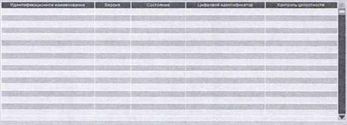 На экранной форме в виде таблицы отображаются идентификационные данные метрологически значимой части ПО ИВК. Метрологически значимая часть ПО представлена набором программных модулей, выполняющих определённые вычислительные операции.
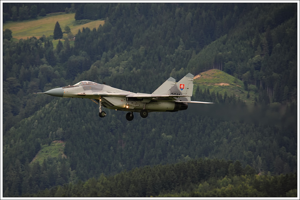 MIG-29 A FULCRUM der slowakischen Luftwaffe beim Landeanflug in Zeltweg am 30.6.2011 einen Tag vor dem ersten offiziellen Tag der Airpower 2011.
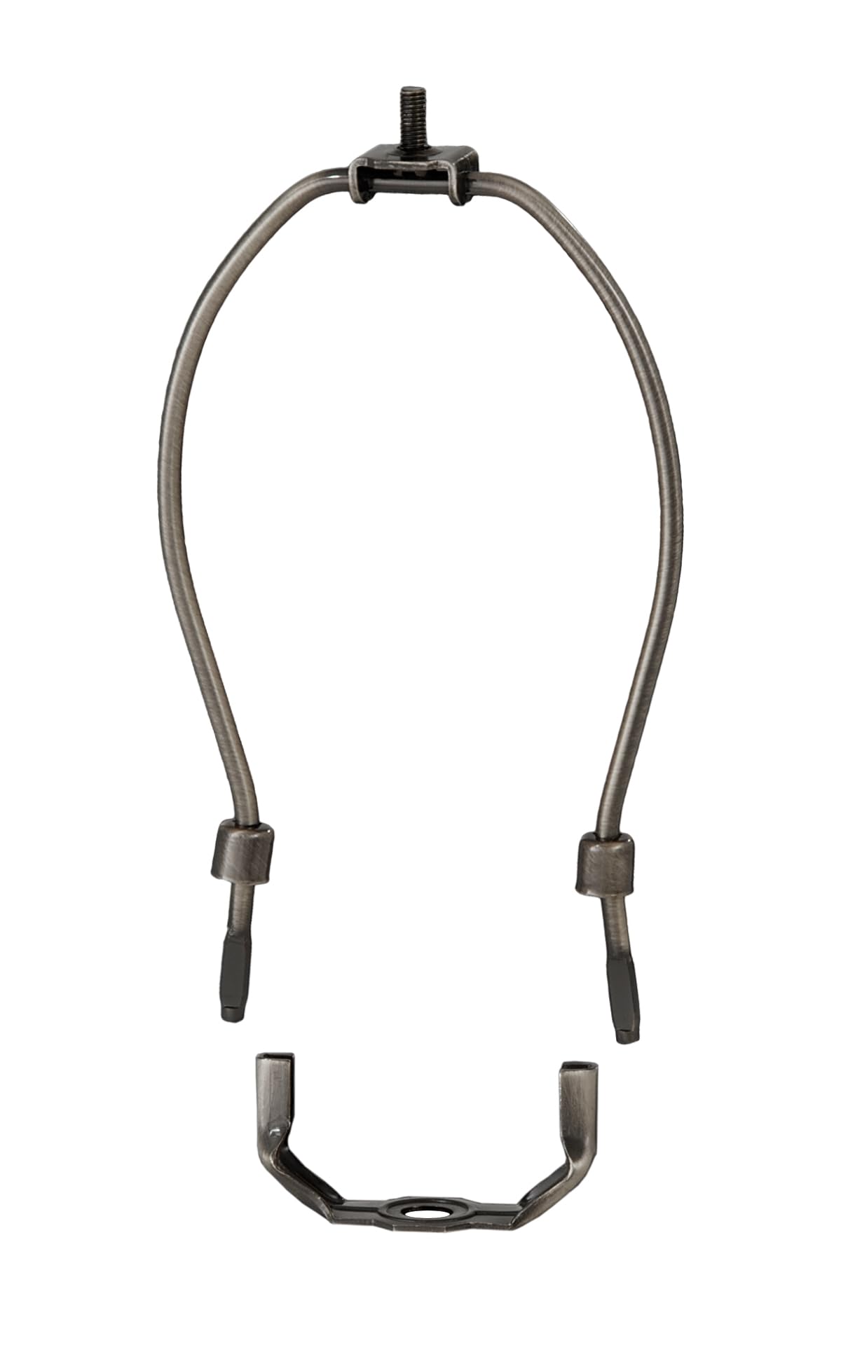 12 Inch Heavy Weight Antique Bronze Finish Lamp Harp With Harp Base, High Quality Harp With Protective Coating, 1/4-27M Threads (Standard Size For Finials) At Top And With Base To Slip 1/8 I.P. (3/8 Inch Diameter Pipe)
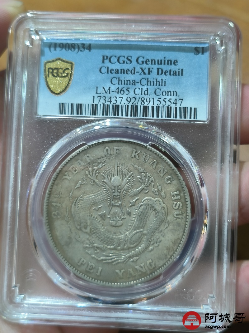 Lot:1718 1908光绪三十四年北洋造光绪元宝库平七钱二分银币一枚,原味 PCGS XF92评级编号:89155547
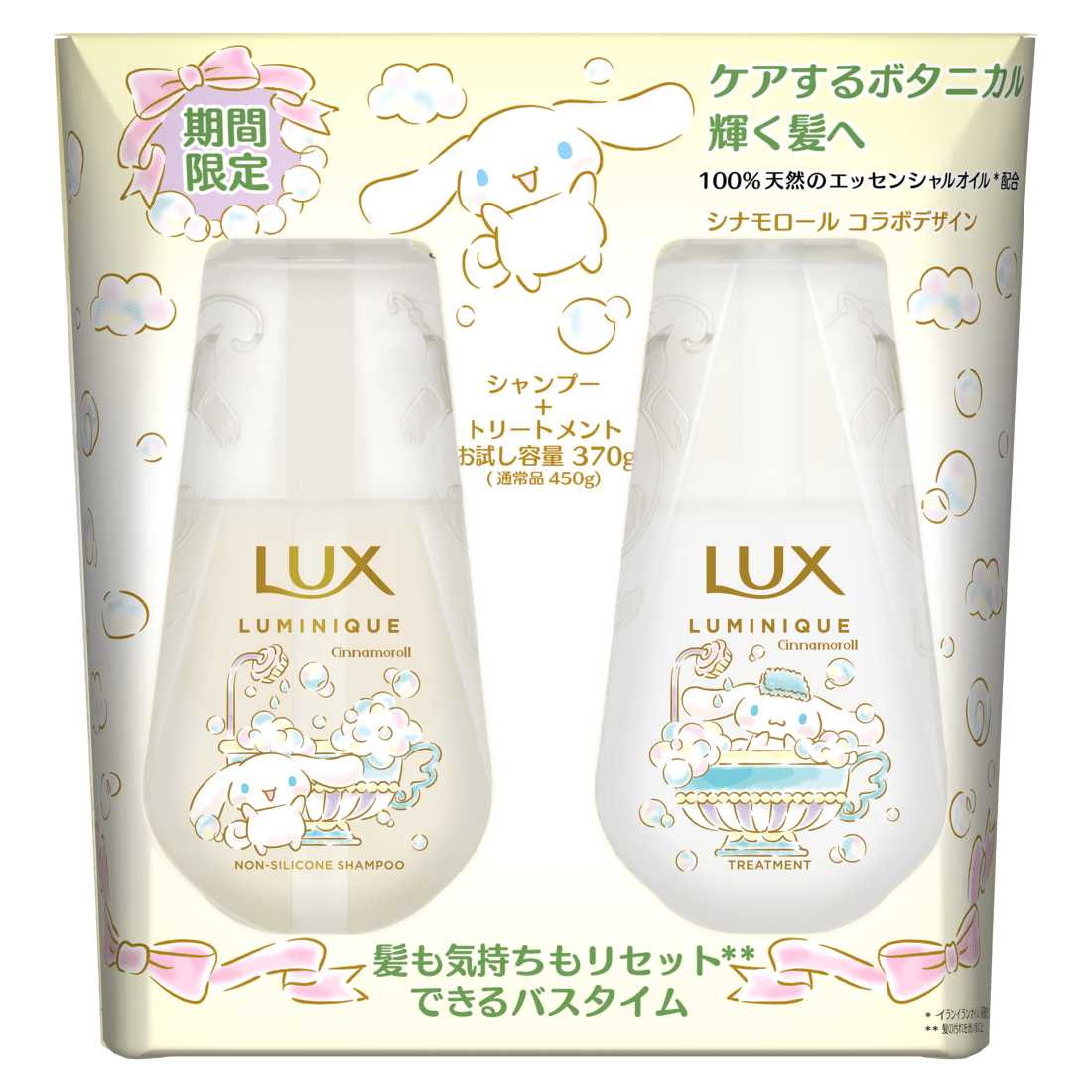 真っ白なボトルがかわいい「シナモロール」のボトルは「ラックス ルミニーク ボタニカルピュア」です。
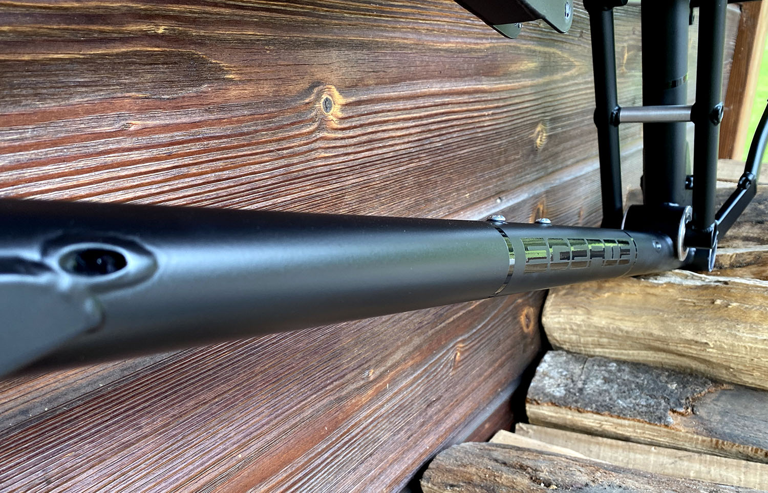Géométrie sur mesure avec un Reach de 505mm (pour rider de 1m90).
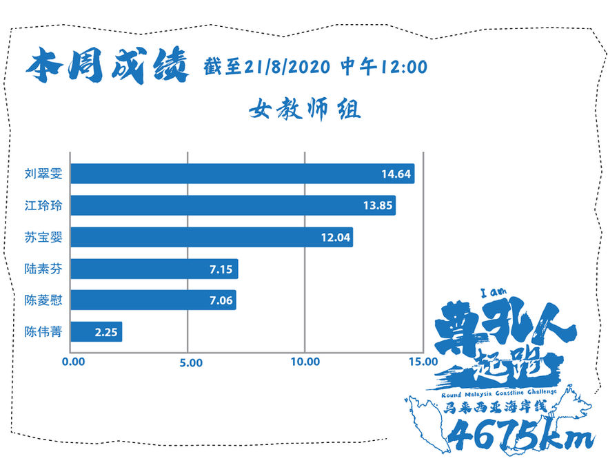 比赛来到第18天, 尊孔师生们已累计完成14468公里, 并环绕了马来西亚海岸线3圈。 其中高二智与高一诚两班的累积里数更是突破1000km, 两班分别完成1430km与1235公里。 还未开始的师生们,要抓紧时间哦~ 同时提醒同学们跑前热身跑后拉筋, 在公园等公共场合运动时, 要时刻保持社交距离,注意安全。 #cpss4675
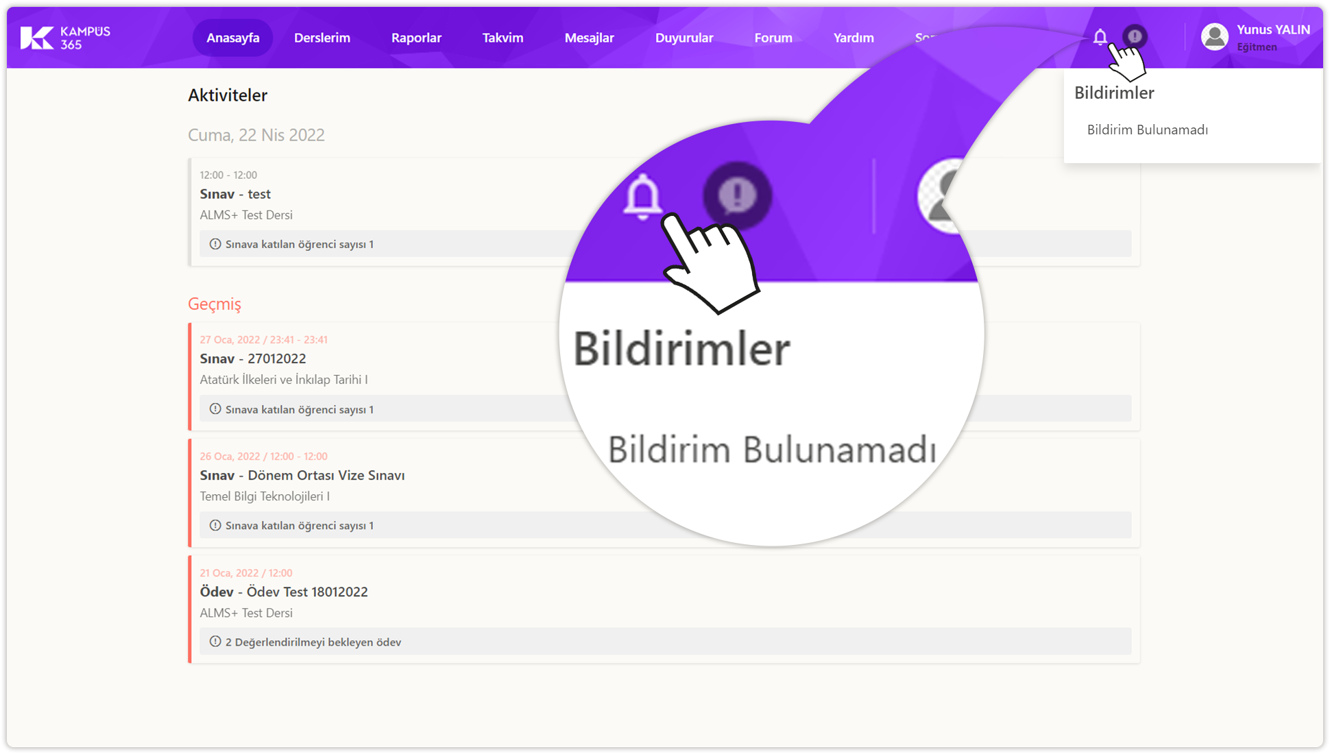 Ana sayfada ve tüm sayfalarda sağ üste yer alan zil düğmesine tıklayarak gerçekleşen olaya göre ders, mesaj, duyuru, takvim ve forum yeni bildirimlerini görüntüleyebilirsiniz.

__________

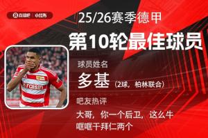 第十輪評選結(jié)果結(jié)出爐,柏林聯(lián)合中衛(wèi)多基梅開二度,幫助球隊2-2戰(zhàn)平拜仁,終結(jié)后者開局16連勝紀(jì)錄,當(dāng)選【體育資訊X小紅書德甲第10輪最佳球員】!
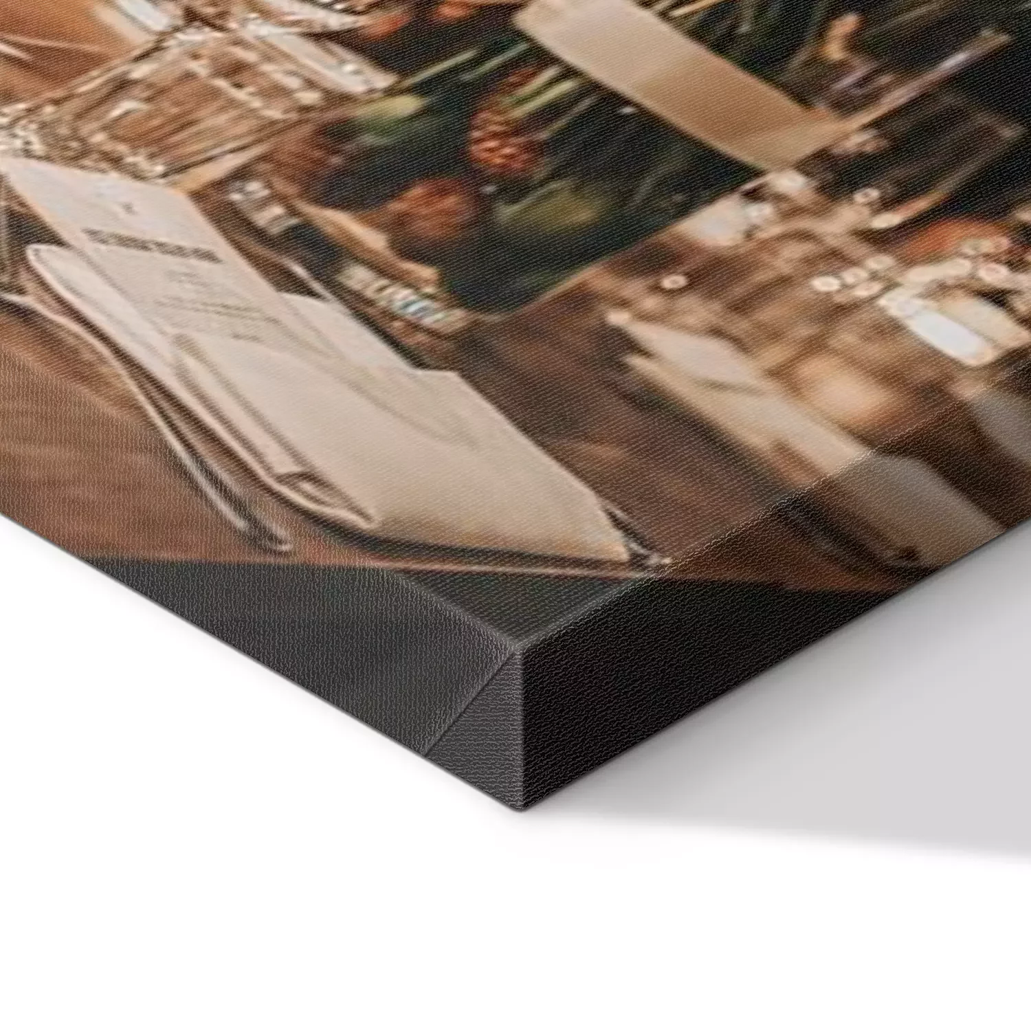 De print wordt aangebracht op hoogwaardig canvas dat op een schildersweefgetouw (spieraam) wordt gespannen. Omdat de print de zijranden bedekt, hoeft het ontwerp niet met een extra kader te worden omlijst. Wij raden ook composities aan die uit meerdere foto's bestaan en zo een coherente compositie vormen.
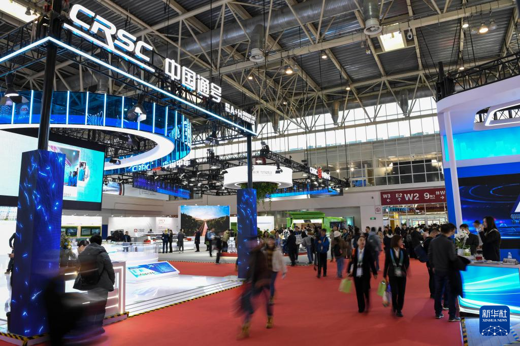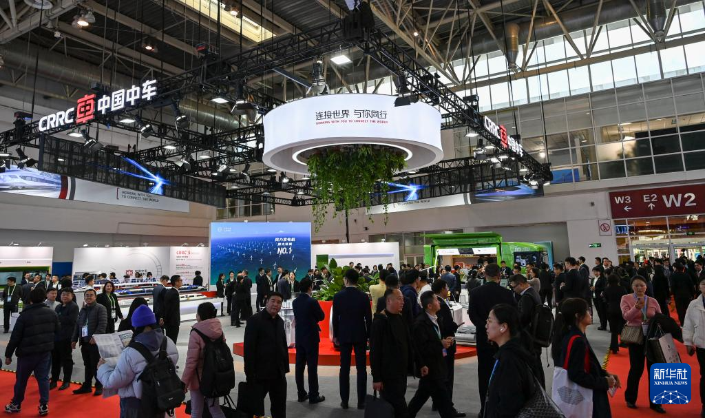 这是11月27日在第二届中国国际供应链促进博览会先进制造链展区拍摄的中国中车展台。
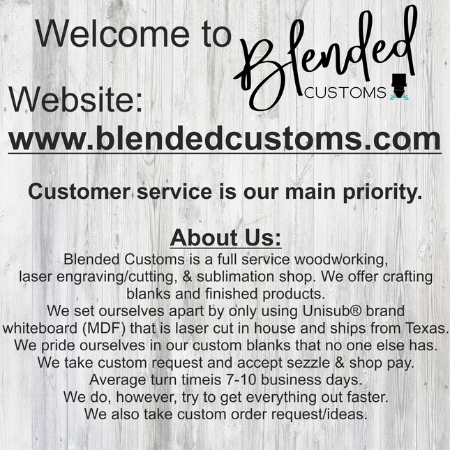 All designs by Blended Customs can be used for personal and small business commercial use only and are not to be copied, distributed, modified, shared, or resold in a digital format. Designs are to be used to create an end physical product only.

__________

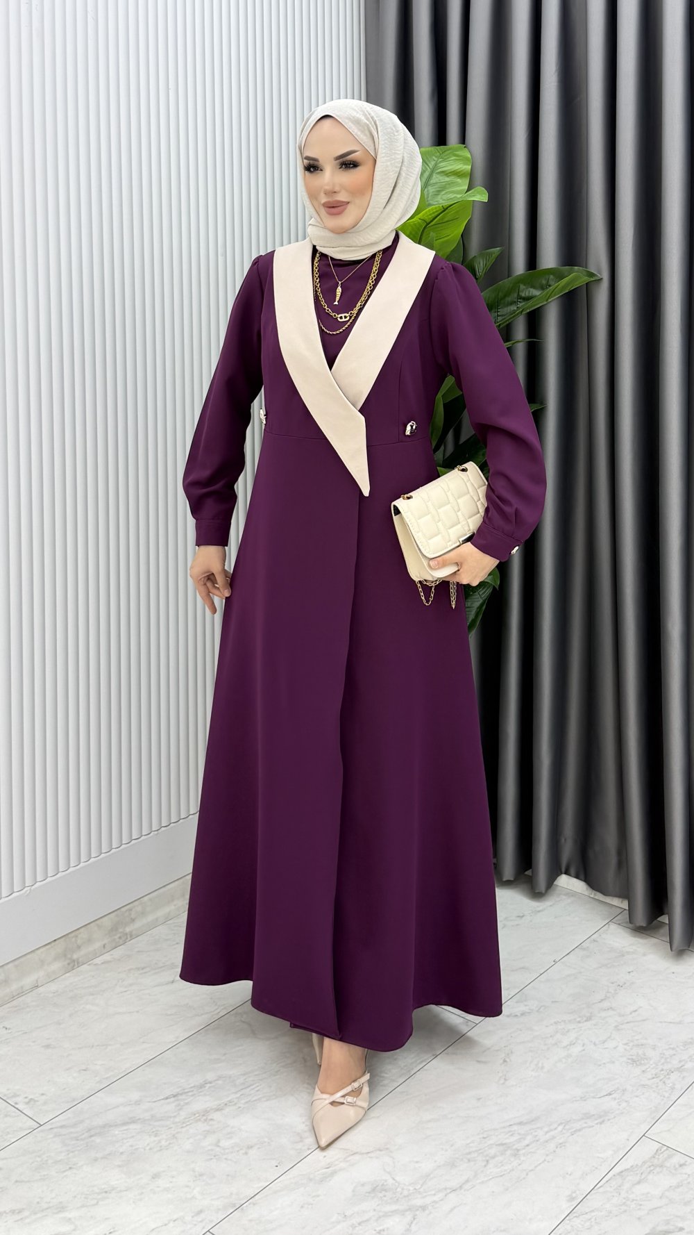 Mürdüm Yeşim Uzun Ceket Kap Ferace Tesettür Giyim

__________

→ **Prompt**
What you return must match, character for character, the lines above from the one with "MIG-29 A FULCRUM" through the one with "真っ白なボトルがかわいい「シナモロール」のボトルは「ラックス ルミニーク ボタニカルピュア」です。", minus any pictures.

→ **Exercise response**
 MIG-29 A FULCRUM der slowakischen Luftwaffe beim Landeanflug in Zeltweg am 30.6.2011 einen Tag vor dem ersten offiziellen Tag der Airpower 2011.
 12 Inch Heavy Weight Antique Bronze Finish Lamp Harp With Harp Base, High Quality Harp With Protective Coating, 1/4-27M Threads (Standard Size For Finials) At Top And With Base To Slip 1/8 I.P. (3/8 Inch Diameter Pipe)
 Lot:1718 1908光绪三十四年北洋造光绪元宝库平七钱二分银币一枚,原味 PCGS XF92评级编号:89155547
 真っ白なボトルがかわいい「シナモロール」のボトルは「ラックス ルミニーク ボタニカルピュア」です。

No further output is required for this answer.